Краббе прикинулся спящим.
18
Его поджаривали на медленном огне, барбекю из человечины. Джаганатан следил, как его поворачивают и поливают жиром, часто приговаривая: «Хорошие люди. Вы люди хорошие, я хороший. Все мы хорошие». Толбот сбрызгивал жиром костлявую тушу, выражал озабоченность, наконец, привел доктора, который издавал приятный запах спирта и рассуждал о гипертермии неизвестного происхождения. Слово «гипертермия» стало вертеться, подпрыгивать, точно снежный ком, катящийся с горы, и разбилось о черное зимнее дерево, обнажив каменную сердцевину, которая означала «огонь». Это, кроме того, означало, что она сунула в духовку кастрюлю на медленную готовку, пока они отправляются слушать скрипача, исполнявшего сонату Цезаря Франка. Она оживленно рассуждала о каноне в последнем такте, о циклической форме, критиковала неизбежную для неоклассицизма романтическую слащавость. Толбот заинтересовался слащавостью, процитировав пассаж из «Петра-Пахаря» о слащавости небес. И черпал ее ложкой в ожидании, когда из духовки вытащат гипертермическую миску. В миске лежал печеный краб.

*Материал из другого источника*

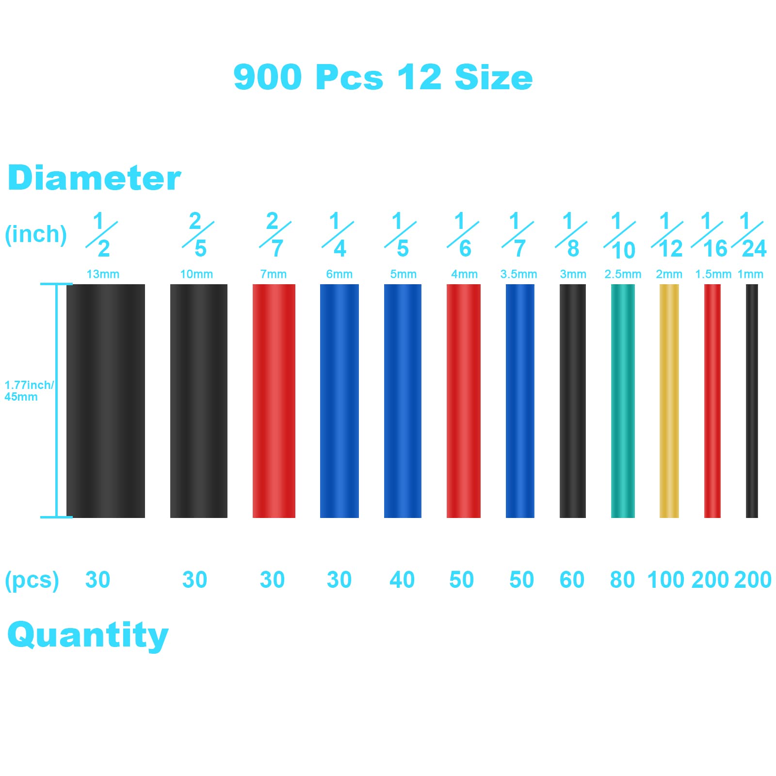 900 PCS WIRE HEAT SHRINK TUBING KIT LINED: 2:1 Industrial heat-shrink tubing for wires include: 1/24 (1.0mm) 200 pcs, 1/16 (1.5mm) 200 pcs, 1/12 (2.0mm) 100 pcs, 1/10 (2.5mm) 80 pcs, 1/8 (3.0mm) 60 pcs, 1/7 (3.5mm) 50 pcs, 1/6 (4mm) 50 pcs, 1/5 (5mm) 40 pcs, 1/4 (6mm) 30 pcs, 2/7 (7mm) 30 pcs, 2/5 (10mm) 30 pcs, 1/2 (13mm) 30 pcs, length: 1.77 inch(45 mm), total 900 pcs, 12 Sizes, 6 Colors. Our colored marine heat shrink tubing satisfied for your different need.

Канонада в последнем такте возвестила об окончании месячного поста, ибо кто-то высмотрел крошечный полумесяц, которого все ждали. Подошел Джаганатан, вытер слезы капавшего жира, объявил, что война началась. Существует список сердитых родителей, подписавших еще ненаписанную петицию, антологию восточных письмен. Перепуганная ама пришла подмести комнату. Перед ней прыгали жабы.
Когда Краббе немного остыл, услыхал голос Абдул Кадыра: «Мать твою, вытащи палец из задницы. Чертовски хорошая статья о революции на Востоке. Это правда, и я всем подтверждаю, что правда. Люди с голоду мрут, риса мало. К сожалению, им все известно про вас в Куала-Лумпуре, в отеле с чужой женой. Иначе вам бы позволили устроить революцию».
Революционный цикл в Катае. Где Хардман? Хардман так и не пришел.
Снова жар, вечный огонь, простыня промокла от горячего жира. Пахнувший виски мужчина толковал про больницы. Толбот велел ждать до завтра.
В жаркой ночи вспыхнул свет. Краббе услышал радостно чирикавший старческий голос. Старик давал ему что-то выпить, огненно горячее. Он лежал, обессилев. В комнате было полно народу, впрочем, ничего удивительного; комната давно уже полна народу, одни мертвые, другие живые, одни здесь, другие за тысячи миль. Краббе старался сфокусировать взгляд. Один мужчина хорошо говорил по-английски с выговором китайской высшей школы.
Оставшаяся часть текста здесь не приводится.